As he approached, she thought he was coming towards her to greet her, and she wanted to invite him in, ask him to take off his cloak, and get to know him. But when he drew close to the castle he turned abruptly away and started walking around the building as if he hadn’t seen her. She ran after him, confused. It had been so long since she had found someone to talk to and she worried that her voice might have frozen as well. As she was running after him, she realized that just as he couldn’t see her, he couldn’t hear her either. She reached out to touch him, but as she did so she felt her body start to melt as well, as though to touch him was to die. She wasn’t ready yet so she let him go.
After that, every day for a month, the Sun God returned and every morning the Ice Princess watched him from the doorway of her castle, making his careful way through the trees and branches, slowly bringing light to everything and making the Earth green again. Every night the Ice Princess went back to her icy bed and dreamt of being able to be a part of spring, but she was scared of what she had felt when she touched him, and of the change it presaged.
One morning, as she watched, the Ice Princess noticed that the Sun God was not alone. He was with a beautiful brown skinned girl who held his hand and laughed and kissed him as they walked. She lay down on the warming ground and he joined her, bringing new life to the Earth where they lay. As she watched, she silently screamed, for she recognized her intense longing for him and yet she knew that they would never lie like that together because she was not made of the Earth. His warmth would be too much for her and she would disappear. Yet afterwards, as she watched them leave, she suddently felt ready. She prepared herself, knowing that the next time, if he came alone, she would reach out to him, at the risk of her own unknown transformation. Even though she knew she would melt, she would at least get to partake a little of his light.
The next day he came alone. He knew it would be the last time that he would have to take care of this portion of forest for the snow was almost gone. Only a few patches remained in the shadow of the rocks. The birds were singing and the trees were humming with the birth of new leaves unfurling. As she saw him make his rounds of the forest, going in and out of the trees, she felt ready. She saw him come and ran to him, throwing her slender white arms around him. As she did, she began to stream down and around his body, creating little rivulets and forming a small stream at his feet. The God felt blessed by this sudden, sweet shower and he blessed in turn the river as he passed, watching it run over stones, twist and turn as it found its path, gurgling through the forest.
It was then that the spirit of the Ice Princess understood and was glad to have embraced her change, for though she missed the cold solidity of her body, she loved the flowing feeling of being a part of everything and of bringing another necessary element to the life around her. In her own way, she also brought nourishment to the forest, and like the Sun God, she was integral to spring. She infused the land with creativity and growth. The Earth held her as the Sun sparkled on her burbling and babbling, shining through the branches of the trees and the leaves. She remembered the cycles and knew that the time would come when she would once again find her icy home.

Monday, January 2, 2017

Turning in

Solstice and the beginning of the roman calendar year is a dark time meant for turning inwards. We all enjoy this to differing extents. This year I've been able to do it at home, near the fire, in the forest, on a dirt road, in a closed room, in silence, with support and regular warm meals. It hasn't always been so and my winter grieving this year has been more bearable than most.
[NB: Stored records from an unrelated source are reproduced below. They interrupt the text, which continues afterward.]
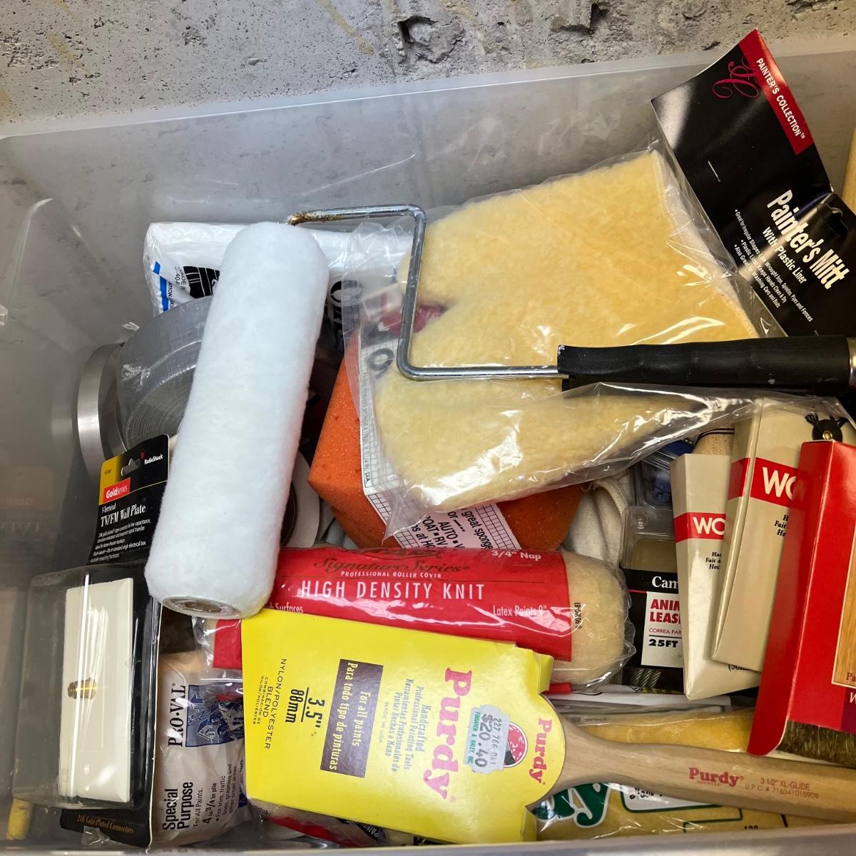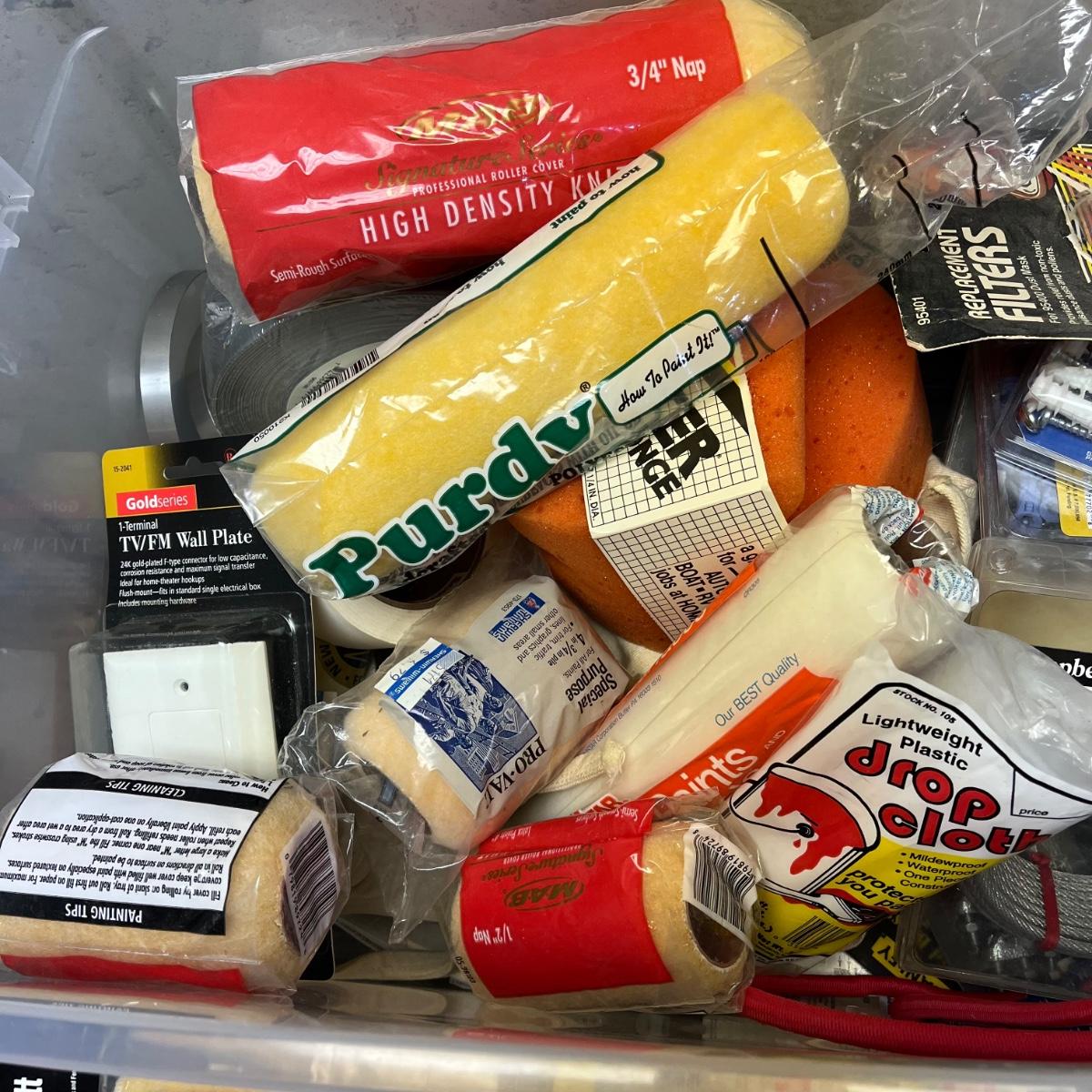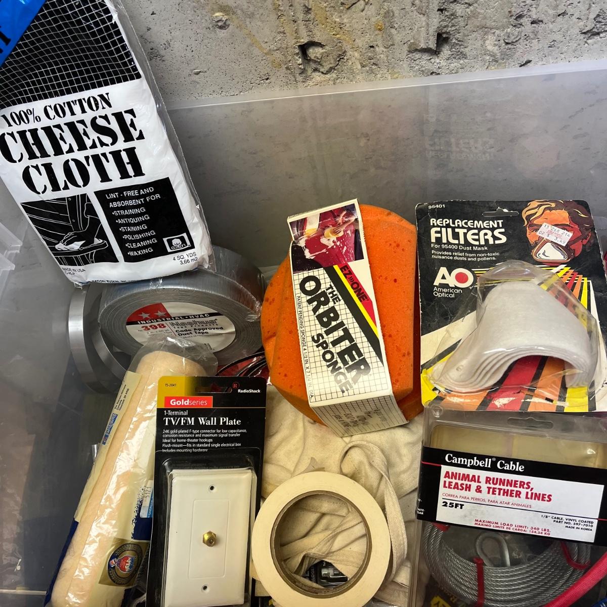 LOT 183Y: Bin of Tools and Household Necessities - Many New in Package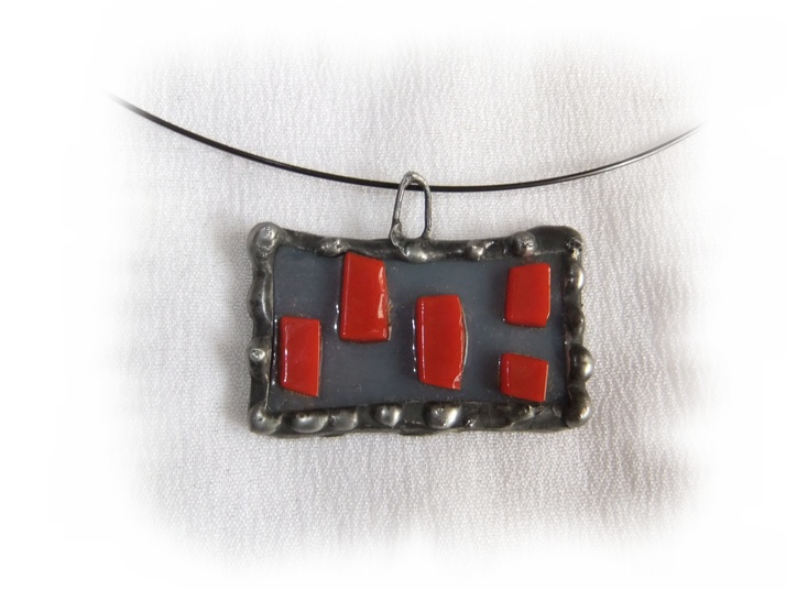 Přívěsek-fusing-tiffany ze šedého a červeného skla
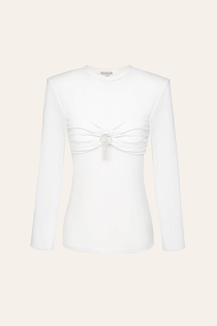Volanlı Göğüs Uzun Kollu Örgü Gömlek

I didn't post anything at all in 2016. I think the whole year was, in some ways, a turning inwards, but also a turning outwards in ways that didn't involve thinking about lines of words to present to a public. I was seeing and experiencing things more urgently and directly. I don't think I was alone in this. 

I do want to share more writing this year. I have lots to say that I learned from the trees, they need more human language users these days to speak for them, and I need to practice this form of expression, which sometimes feels so strange and difficult. It's crucial for our survival that we realize how connected we are to the land we live on, to other creatures, and to each other. I think our words, though often divisive, can help with this. 

Everything is happening inside, which is also what is happening outside. I'm becoming more and more familiar with my cycles which are also the outer cycles I am a part of. We've put new names on things, but at this time there is still a baby born to a goddess which is a new light bearing gifts. There are still many languages to learn that aren't our own, and that place that is always mysterious, that we can always turn to for contemplation and for ressources, to re-source (se ressourcer the French say). It's infinite inspiration. 

Dark Moon

This is my dark moon, and yours too, a chance 
to learn all you ever wanted
from the mountains of your heart
and the ridges of your soul.

You can be dark too,
and Time doesn’t know
the straight path down to your toes.

It picks its way among the bones,
whitewashed in moonlight
from the month before.

A month which dried them out
as, staring at the sky,
desert eyes and bright,
they shattered in their last attempt
to fix the progress of the mind.

Stay in this new place with me,
this sacred space, made of stardust,
and wait for the dawn
that will come on the wings
of locusts.

Sit and stir your pot for now
as we wait for the sun
that doesn’t come.

We recognize our devotion
to the present path,
our faith, even when
no light has ever shone
on these dark shores.

Monday, November 30, 2015

Finishing the document

So about a month and a half ago I turned in my dissertation.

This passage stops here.